[[ AVAILABLE RECORDS, beginning ]]

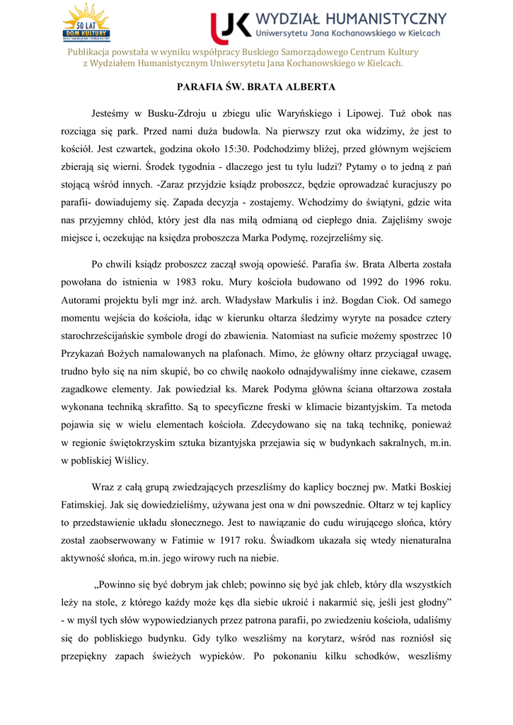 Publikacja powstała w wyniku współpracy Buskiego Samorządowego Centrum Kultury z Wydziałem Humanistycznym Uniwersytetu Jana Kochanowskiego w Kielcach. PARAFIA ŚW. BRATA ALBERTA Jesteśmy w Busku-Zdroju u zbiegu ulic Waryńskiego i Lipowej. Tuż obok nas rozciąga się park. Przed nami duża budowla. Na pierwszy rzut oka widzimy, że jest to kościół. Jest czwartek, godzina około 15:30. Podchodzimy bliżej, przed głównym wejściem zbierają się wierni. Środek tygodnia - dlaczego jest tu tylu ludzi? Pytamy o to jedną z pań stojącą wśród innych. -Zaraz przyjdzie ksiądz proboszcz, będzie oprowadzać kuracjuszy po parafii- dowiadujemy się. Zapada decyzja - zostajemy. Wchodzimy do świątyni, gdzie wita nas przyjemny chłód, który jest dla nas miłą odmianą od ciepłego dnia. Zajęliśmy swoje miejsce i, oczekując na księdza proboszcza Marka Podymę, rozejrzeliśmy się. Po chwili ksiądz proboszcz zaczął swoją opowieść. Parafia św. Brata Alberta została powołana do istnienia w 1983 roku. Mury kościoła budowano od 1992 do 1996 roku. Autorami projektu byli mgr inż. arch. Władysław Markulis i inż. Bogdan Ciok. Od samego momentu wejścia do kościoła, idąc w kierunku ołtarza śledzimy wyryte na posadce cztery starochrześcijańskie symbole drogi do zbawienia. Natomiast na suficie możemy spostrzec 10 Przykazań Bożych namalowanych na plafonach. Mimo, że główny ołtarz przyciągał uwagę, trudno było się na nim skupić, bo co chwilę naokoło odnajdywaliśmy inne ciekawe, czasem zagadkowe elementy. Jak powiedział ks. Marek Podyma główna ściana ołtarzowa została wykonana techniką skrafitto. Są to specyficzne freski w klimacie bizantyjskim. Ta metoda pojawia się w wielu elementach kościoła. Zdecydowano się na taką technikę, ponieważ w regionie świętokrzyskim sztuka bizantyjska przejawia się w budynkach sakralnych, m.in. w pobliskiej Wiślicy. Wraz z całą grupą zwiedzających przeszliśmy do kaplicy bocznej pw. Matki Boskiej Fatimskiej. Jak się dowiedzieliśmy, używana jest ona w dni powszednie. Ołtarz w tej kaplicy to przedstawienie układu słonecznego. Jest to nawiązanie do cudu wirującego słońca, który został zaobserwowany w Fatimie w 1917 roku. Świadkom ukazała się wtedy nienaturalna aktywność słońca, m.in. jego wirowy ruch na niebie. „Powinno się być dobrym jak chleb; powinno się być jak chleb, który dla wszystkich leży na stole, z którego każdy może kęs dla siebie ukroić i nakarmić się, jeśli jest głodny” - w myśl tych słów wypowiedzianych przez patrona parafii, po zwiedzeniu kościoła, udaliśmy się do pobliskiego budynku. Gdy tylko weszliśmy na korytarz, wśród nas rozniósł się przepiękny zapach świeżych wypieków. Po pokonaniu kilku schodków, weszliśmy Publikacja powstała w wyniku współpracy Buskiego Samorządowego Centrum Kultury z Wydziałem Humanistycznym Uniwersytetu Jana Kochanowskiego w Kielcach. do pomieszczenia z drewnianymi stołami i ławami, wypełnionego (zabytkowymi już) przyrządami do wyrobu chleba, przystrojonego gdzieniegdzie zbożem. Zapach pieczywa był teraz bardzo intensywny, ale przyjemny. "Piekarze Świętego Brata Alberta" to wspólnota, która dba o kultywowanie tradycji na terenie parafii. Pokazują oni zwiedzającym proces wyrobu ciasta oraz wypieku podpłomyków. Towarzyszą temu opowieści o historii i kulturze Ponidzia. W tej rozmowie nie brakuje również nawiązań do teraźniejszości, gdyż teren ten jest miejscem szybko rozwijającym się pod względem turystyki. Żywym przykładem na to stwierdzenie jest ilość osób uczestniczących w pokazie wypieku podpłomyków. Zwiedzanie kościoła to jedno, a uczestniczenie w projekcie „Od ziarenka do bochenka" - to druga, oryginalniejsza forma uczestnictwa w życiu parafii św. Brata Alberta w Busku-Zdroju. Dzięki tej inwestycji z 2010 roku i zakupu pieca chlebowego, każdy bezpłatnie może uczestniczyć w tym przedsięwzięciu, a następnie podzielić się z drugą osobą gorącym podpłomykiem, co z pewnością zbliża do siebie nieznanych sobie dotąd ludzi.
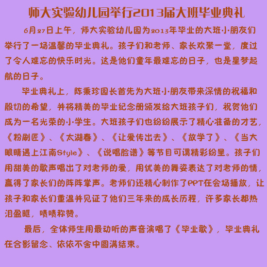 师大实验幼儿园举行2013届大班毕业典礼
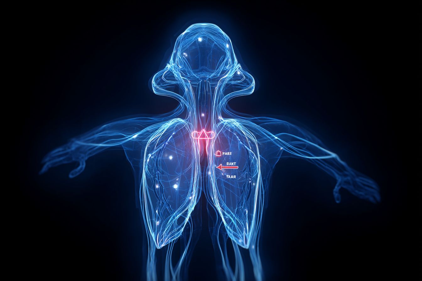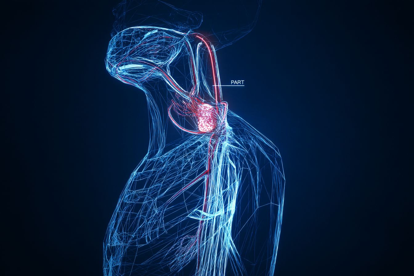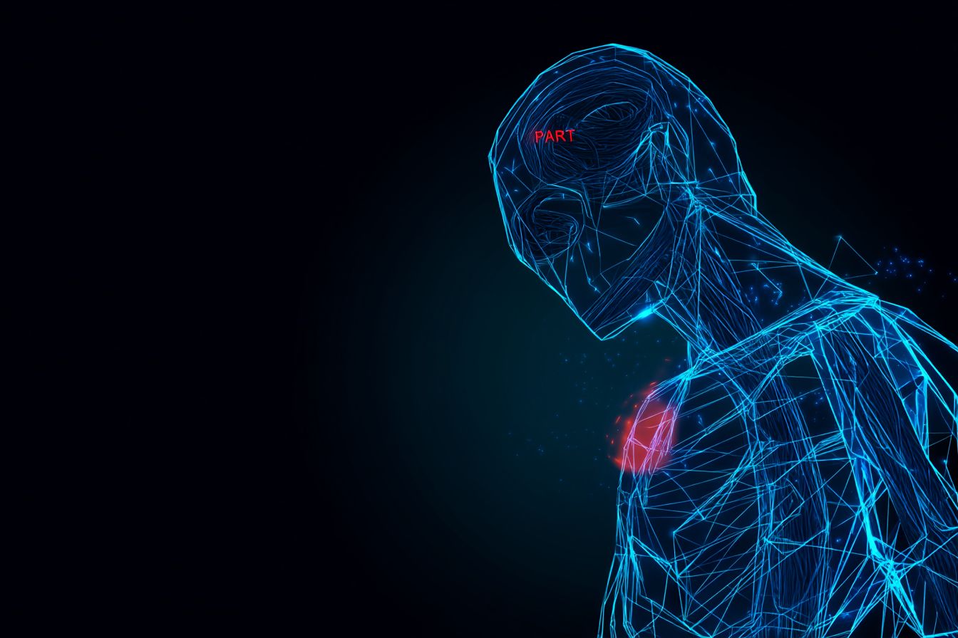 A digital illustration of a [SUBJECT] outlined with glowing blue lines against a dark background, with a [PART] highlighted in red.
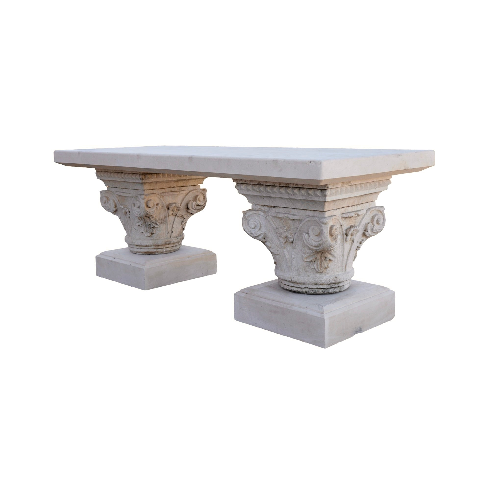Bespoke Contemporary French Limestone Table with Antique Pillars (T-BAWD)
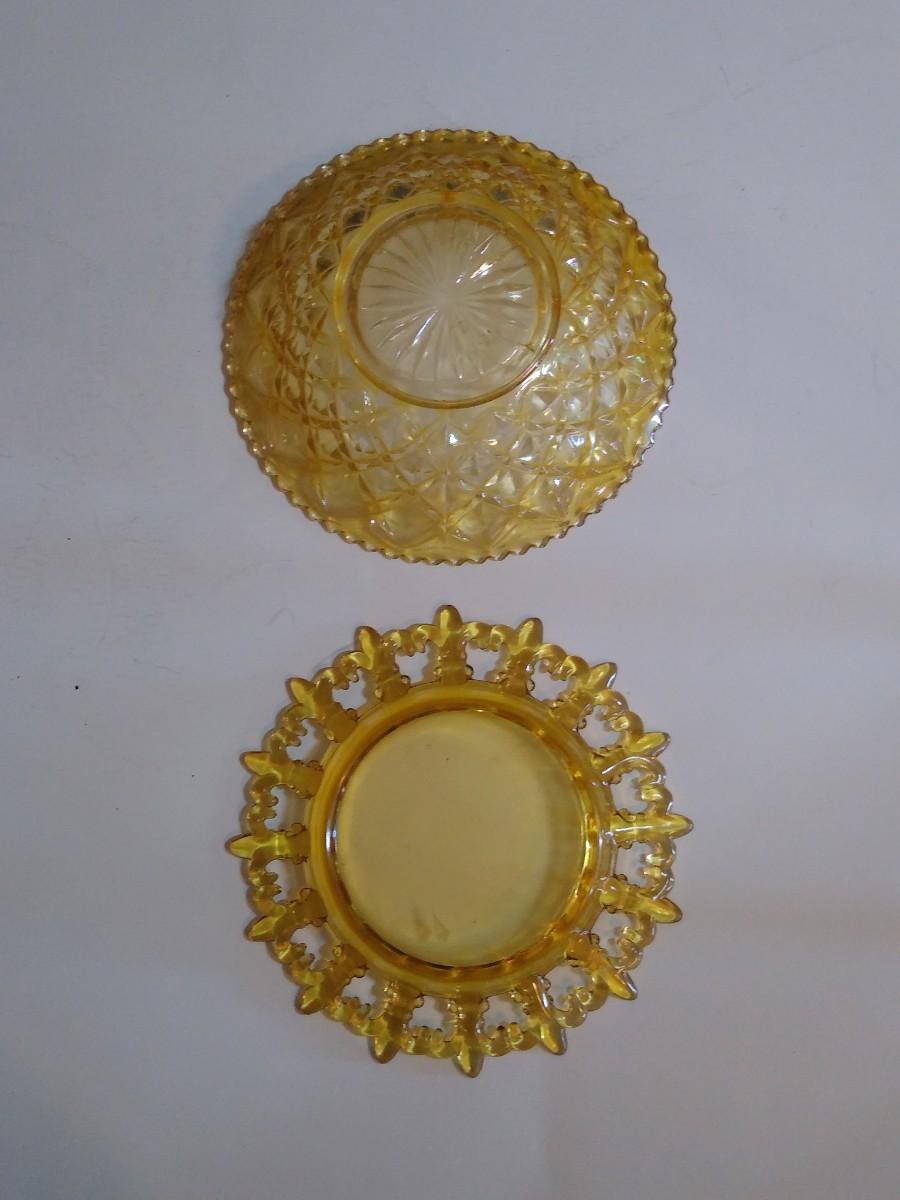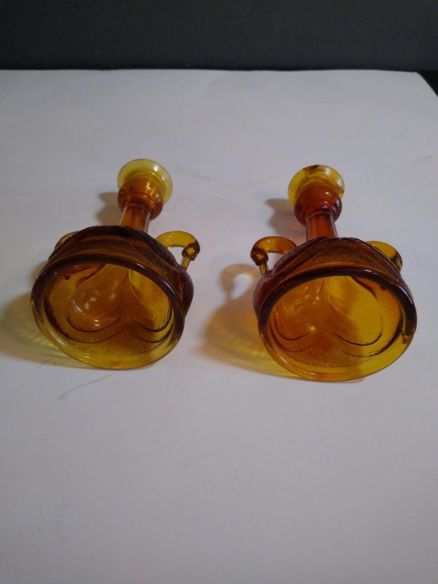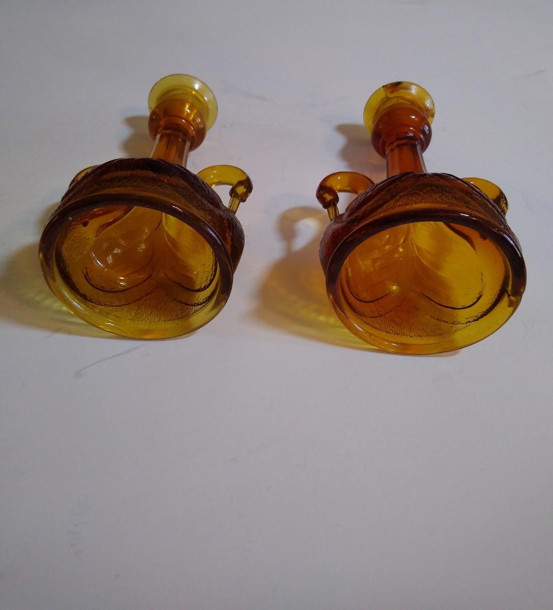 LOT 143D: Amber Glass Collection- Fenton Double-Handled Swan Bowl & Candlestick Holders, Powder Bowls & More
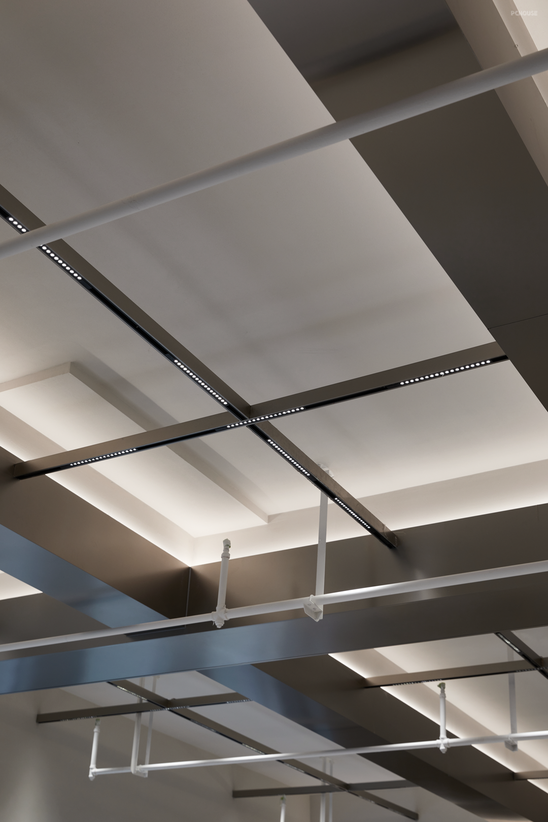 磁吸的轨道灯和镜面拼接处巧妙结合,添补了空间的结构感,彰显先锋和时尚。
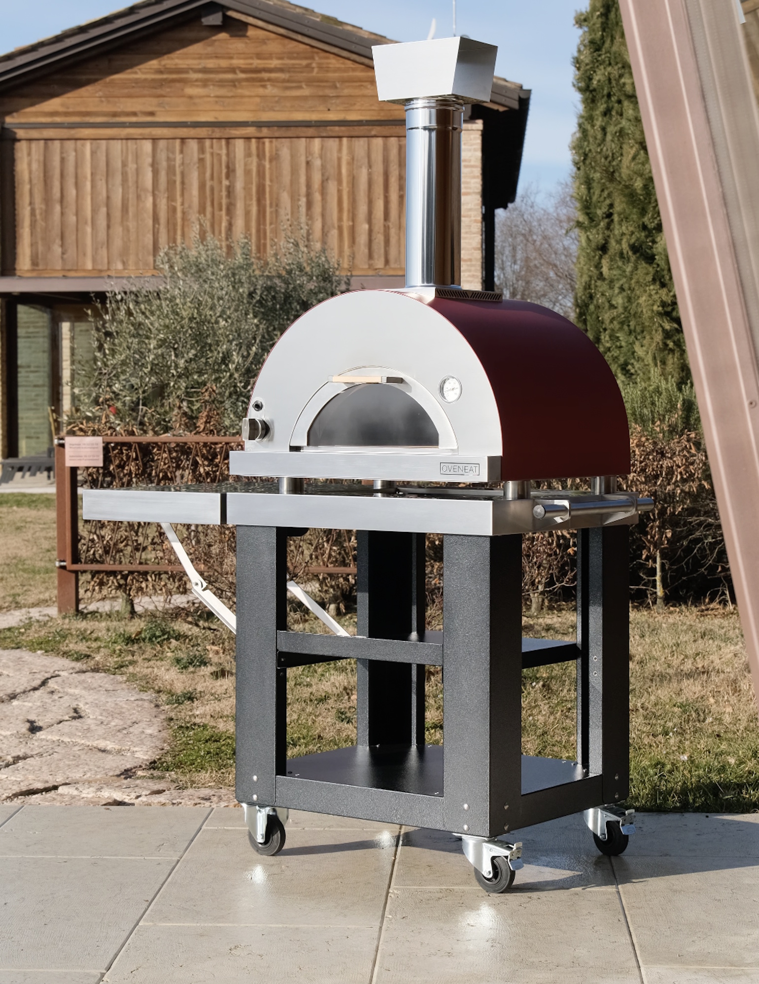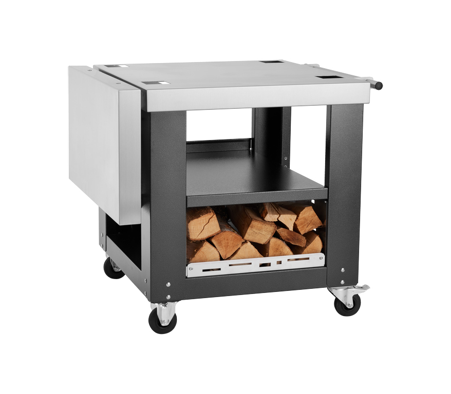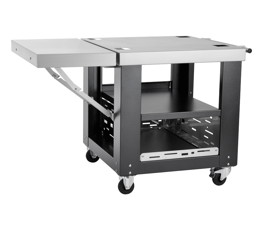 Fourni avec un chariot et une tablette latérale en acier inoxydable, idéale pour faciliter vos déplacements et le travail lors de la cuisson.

[[ AVAILABLE RECORDS, end ]]

:: TASK TO COMPLETE ::
What must be output is the exact run of lines from the one holding "LOT 143D: Amber" through the end of the entries above, both ends included, minus the pictures.

:: OUTPUT OF THE TASK ::
 LOT 143D: Amber Glass Collection- Fenton Double-Handled Swan Bowl & Candlestick Holders, Powder Bowls & More
 磁吸的轨道灯和镜面拼接处巧妙结合,添补了空间的结构感,彰显先锋和时尚。
 Fourni avec un chariot et une tablette latérale en acier inoxydable, idéale pour faciliter vos déplacements et le travail lors de la cuisson.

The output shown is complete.